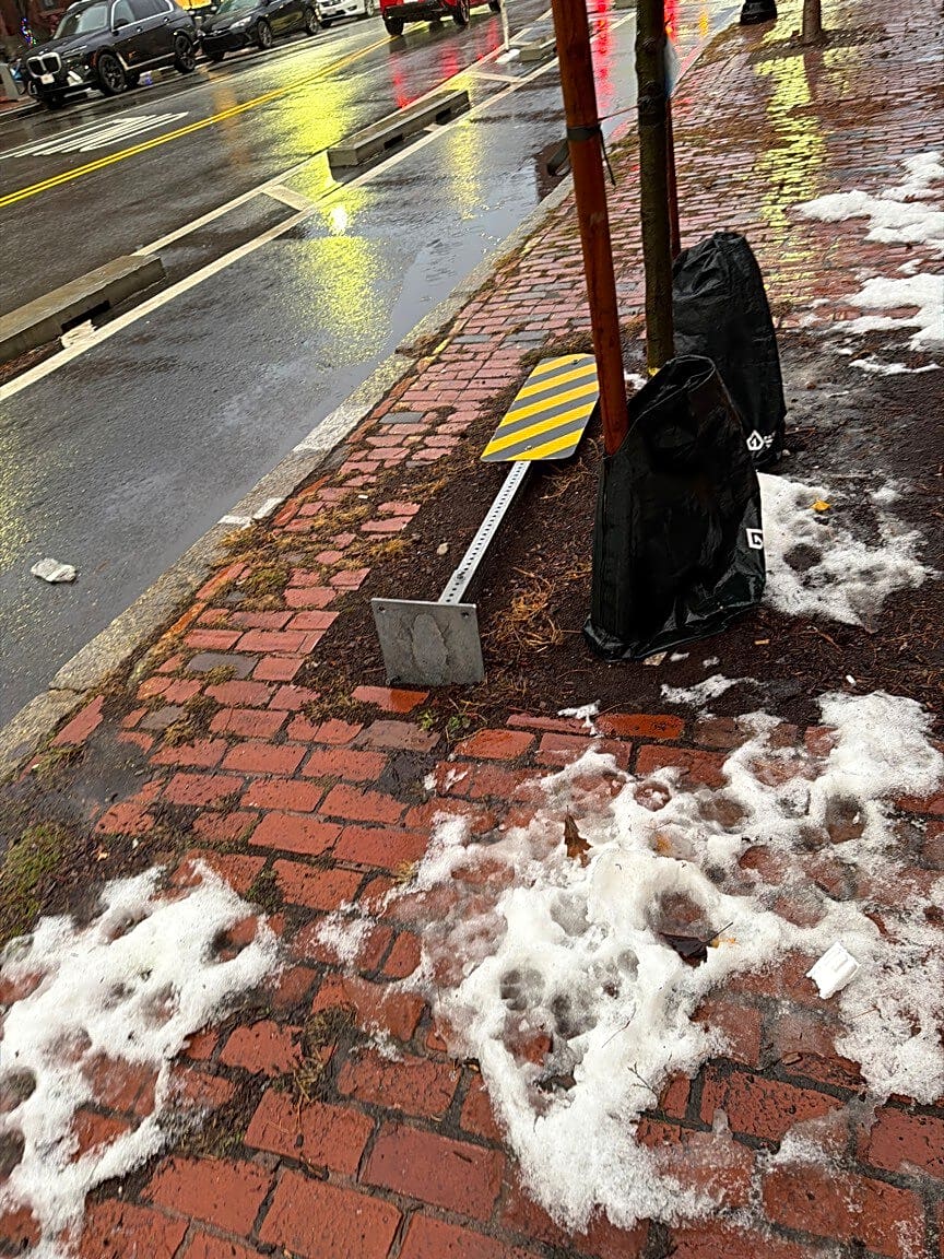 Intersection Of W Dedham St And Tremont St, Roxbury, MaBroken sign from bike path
* * *
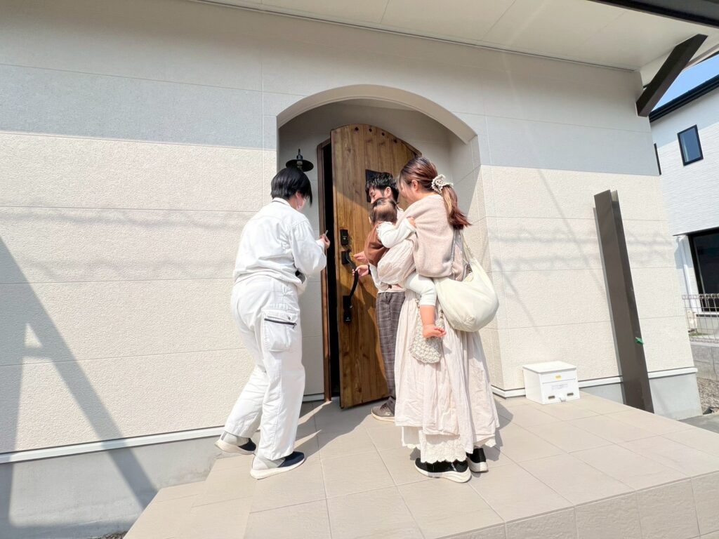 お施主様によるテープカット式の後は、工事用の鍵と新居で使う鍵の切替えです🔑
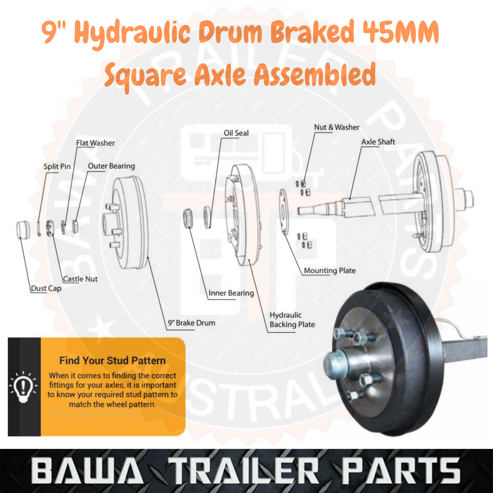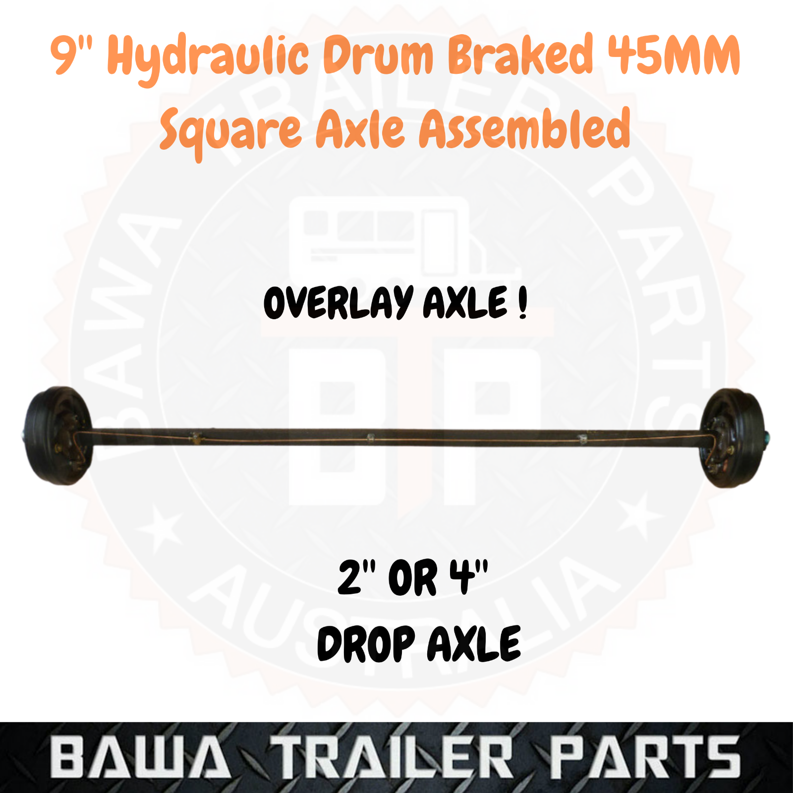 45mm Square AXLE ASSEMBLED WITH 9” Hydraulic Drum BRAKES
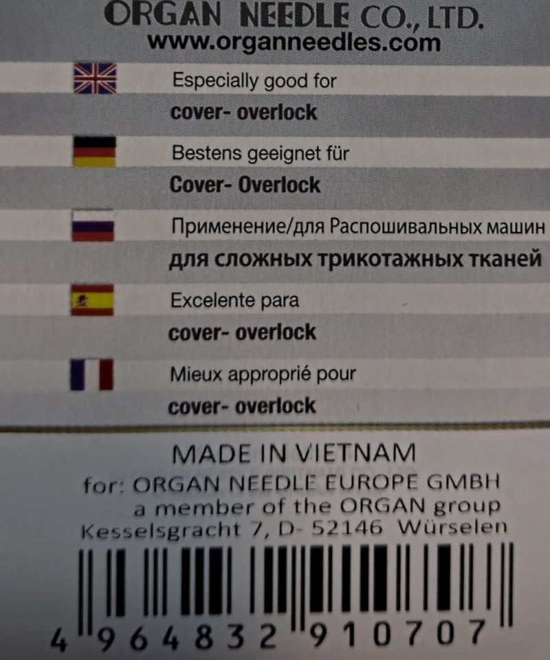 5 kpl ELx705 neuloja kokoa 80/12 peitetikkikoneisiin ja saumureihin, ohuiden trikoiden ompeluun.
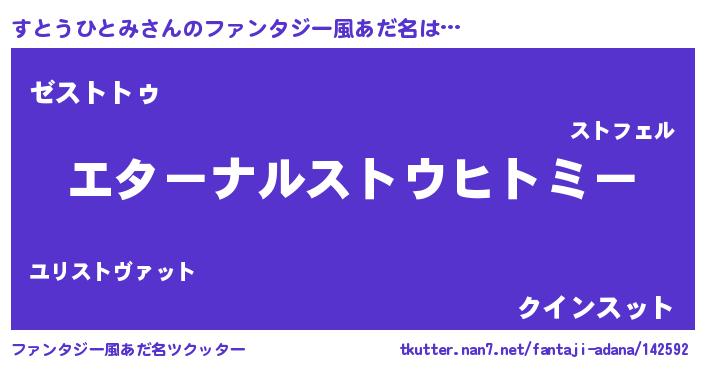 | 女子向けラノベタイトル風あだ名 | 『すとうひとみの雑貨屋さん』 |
* * *
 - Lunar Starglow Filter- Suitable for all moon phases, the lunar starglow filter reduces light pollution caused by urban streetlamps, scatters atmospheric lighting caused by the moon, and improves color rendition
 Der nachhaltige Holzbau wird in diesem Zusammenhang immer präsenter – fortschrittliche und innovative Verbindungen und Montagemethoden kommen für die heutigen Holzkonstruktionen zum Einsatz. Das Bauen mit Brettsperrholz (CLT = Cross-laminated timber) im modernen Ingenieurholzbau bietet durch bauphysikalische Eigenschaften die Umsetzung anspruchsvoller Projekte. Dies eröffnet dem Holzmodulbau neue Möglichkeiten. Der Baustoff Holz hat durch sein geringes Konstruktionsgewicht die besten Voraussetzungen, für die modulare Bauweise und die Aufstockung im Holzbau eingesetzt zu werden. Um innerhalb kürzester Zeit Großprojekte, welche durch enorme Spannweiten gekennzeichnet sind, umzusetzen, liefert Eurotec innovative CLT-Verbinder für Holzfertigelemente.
* * *
## [WHAT YOU NEED TO DO]
Leaving every picture aside, reproduce exactly the lines above from the one with "45mm Square AXLE" up to and including the one with "女子向けラノベタイトル風あだ名 | 『すとうひとみの雑貨屋さん』 |", and no others.

## [TASK OUTPUT]
 45mm Square AXLE ASSEMBLED WITH 9” Hydraulic Drum BRAKES
 5 kpl ELx705 neuloja kokoa 80/12 peitetikkikoneisiin ja saumureihin, ohuiden trikoiden ompeluun.
 | 女子向けラノベタイトル風あだ名 | 『すとうひとみの雑貨屋さん』 |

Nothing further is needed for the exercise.